Data supplied =
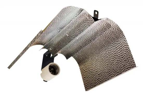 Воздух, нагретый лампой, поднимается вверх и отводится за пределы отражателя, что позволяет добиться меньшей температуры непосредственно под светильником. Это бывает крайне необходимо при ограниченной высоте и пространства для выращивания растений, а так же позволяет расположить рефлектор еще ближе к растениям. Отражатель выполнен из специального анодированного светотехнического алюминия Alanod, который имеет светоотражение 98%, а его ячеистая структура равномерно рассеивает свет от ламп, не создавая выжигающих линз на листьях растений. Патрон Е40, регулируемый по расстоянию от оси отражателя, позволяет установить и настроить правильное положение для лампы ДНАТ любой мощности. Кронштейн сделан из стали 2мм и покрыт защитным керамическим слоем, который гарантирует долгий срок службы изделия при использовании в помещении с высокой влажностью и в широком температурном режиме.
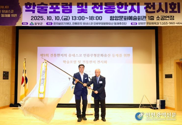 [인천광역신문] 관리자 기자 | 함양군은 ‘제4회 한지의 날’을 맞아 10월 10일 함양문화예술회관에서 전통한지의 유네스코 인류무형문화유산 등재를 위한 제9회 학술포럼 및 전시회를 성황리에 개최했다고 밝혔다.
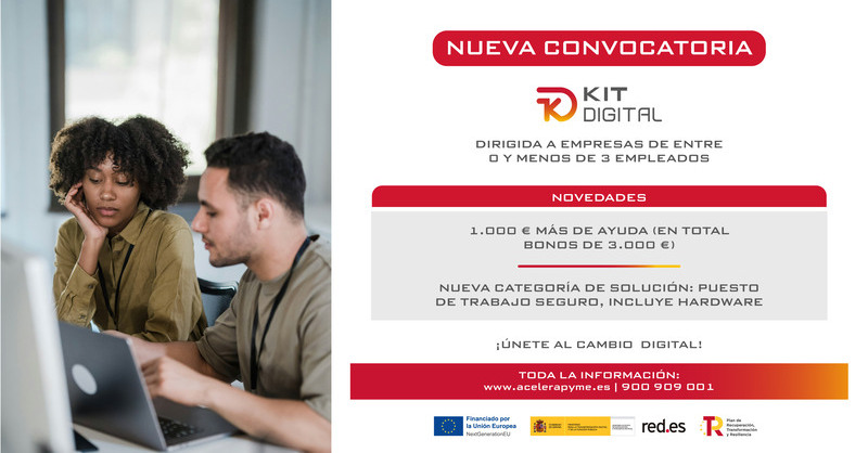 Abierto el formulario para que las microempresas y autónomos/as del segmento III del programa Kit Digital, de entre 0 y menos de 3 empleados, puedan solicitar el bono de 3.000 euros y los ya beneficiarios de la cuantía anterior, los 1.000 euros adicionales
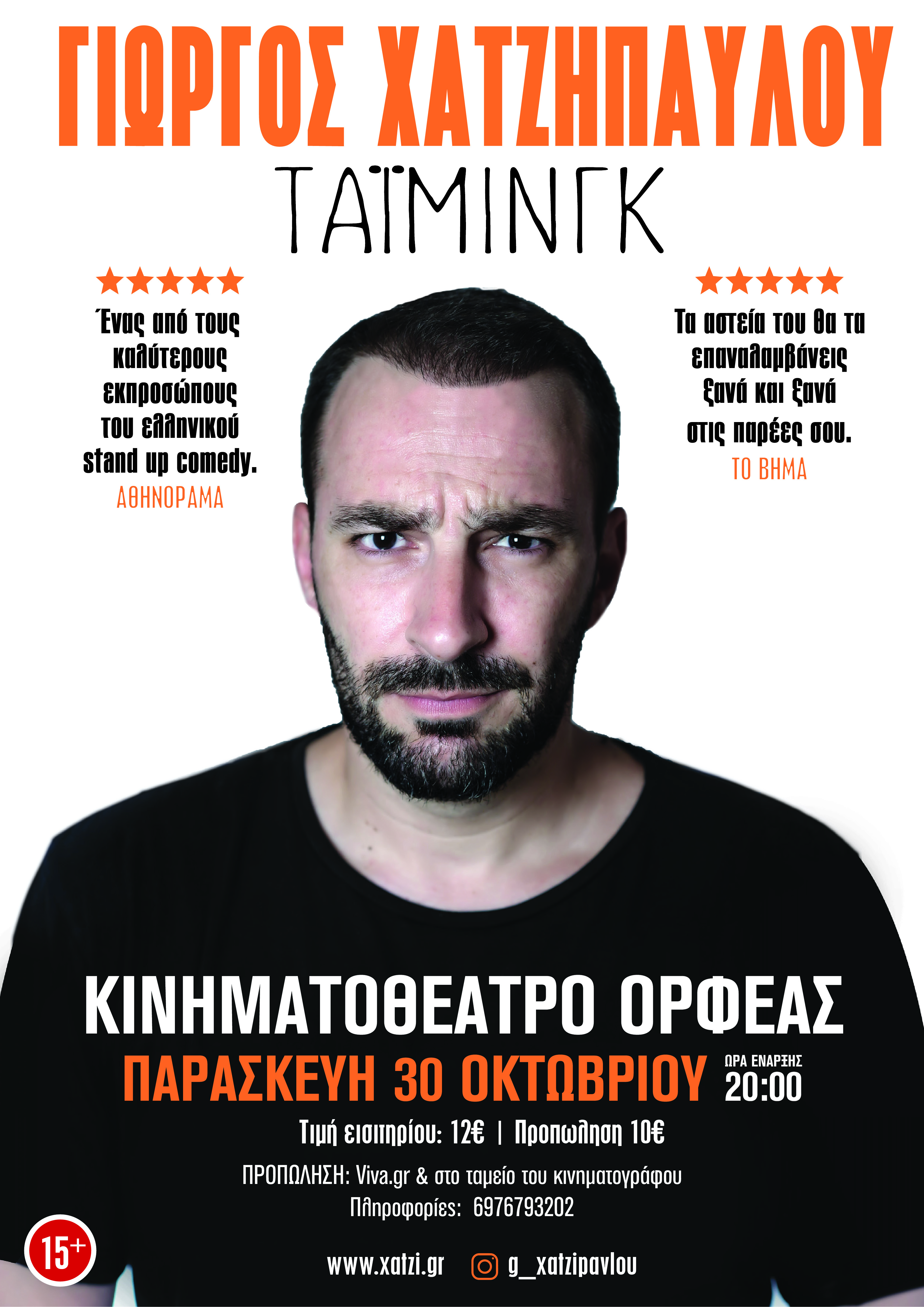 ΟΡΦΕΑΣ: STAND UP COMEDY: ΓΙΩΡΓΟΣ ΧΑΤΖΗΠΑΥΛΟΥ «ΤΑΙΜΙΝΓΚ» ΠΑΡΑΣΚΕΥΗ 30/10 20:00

...

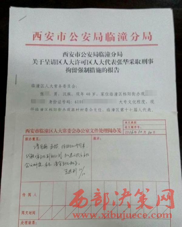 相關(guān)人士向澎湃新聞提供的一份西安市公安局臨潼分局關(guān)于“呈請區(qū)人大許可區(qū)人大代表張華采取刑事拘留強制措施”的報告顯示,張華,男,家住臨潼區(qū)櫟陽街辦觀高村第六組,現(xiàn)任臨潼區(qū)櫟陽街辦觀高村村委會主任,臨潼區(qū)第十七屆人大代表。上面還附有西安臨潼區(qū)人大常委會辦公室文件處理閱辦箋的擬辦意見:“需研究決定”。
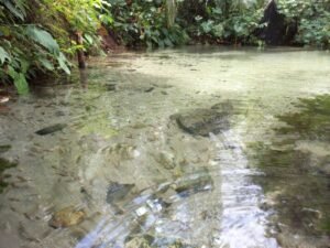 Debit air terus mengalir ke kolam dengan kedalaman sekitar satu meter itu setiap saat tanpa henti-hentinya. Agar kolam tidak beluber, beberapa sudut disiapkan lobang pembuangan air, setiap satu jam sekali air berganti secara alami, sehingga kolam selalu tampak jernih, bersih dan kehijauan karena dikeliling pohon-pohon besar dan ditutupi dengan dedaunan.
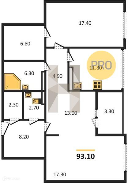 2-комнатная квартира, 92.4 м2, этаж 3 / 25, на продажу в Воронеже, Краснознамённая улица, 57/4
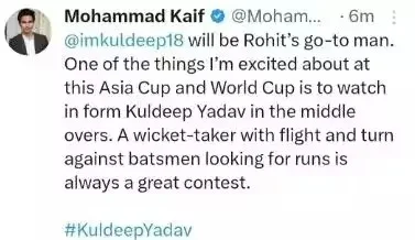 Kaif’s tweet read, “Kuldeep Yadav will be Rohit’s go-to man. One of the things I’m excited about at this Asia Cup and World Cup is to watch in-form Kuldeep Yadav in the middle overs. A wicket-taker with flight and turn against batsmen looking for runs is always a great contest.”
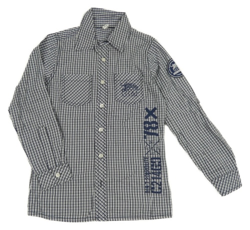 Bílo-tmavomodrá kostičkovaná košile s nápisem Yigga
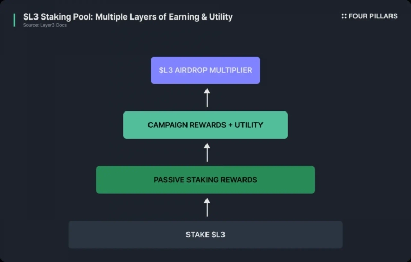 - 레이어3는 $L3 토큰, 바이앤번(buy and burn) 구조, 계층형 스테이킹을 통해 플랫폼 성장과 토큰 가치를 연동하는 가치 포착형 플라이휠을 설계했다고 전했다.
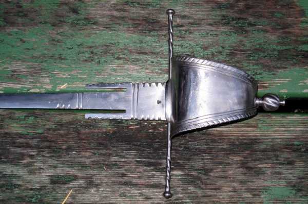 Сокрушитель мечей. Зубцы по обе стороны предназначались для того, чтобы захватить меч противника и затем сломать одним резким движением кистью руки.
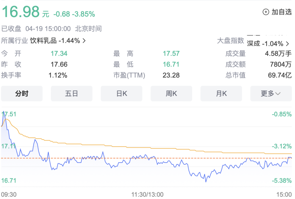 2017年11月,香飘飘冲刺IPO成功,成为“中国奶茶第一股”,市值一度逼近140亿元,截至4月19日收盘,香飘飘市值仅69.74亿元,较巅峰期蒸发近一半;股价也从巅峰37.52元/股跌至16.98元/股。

...

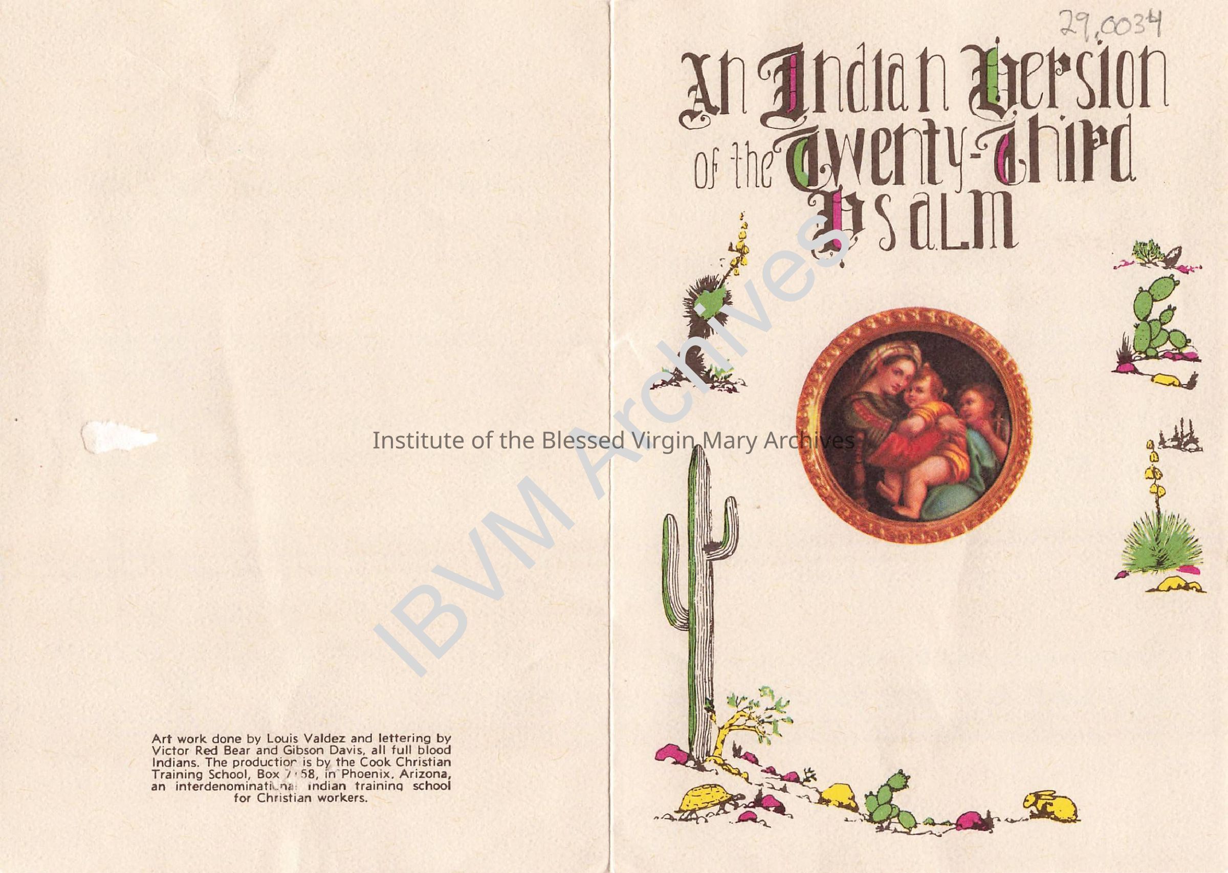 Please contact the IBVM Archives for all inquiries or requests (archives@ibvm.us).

Instructions for the task = Print nothing except the lines above from the one containing "Yadav will be" down to the one containing "2017年11月,香飘飘冲刺", both included, exactly as written and free of pictures.

Answer section =
 Kaif’s tweet read, “Kuldeep Yadav will be Rohit’s go-to man. One of the things I’m excited about at this Asia Cup and World Cup is to watch in-form Kuldeep Yadav in the middle overs. A wicket-taker with flight and turn against batsmen looking for runs is always a great contest.”
 Bílo-tmavomodrá kostičkovaná košile s nápisem Yigga
 - 레이어3는 $L3 토큰, 바이앤번(buy and burn) 구조, 계층형 스테이킹을 통해 플랫폼 성장과 토큰 가치를 연동하는 가치 포착형 플라이휠을 설계했다고 전했다.
 Сокрушитель мечей. Зубцы по обе стороны предназначались для того, чтобы захватить меч противника и затем сломать одним резким движением кистью руки.
 2017年11月,香飘飘冲刺IPO成功,成为“中国奶茶第一股”,市值一度逼近140亿元,截至4月19日收盘,香飘飘市值仅69.74亿元,较巅峰期蒸发近一半;股价也从巅峰37.52元/股跌至16.98元/股。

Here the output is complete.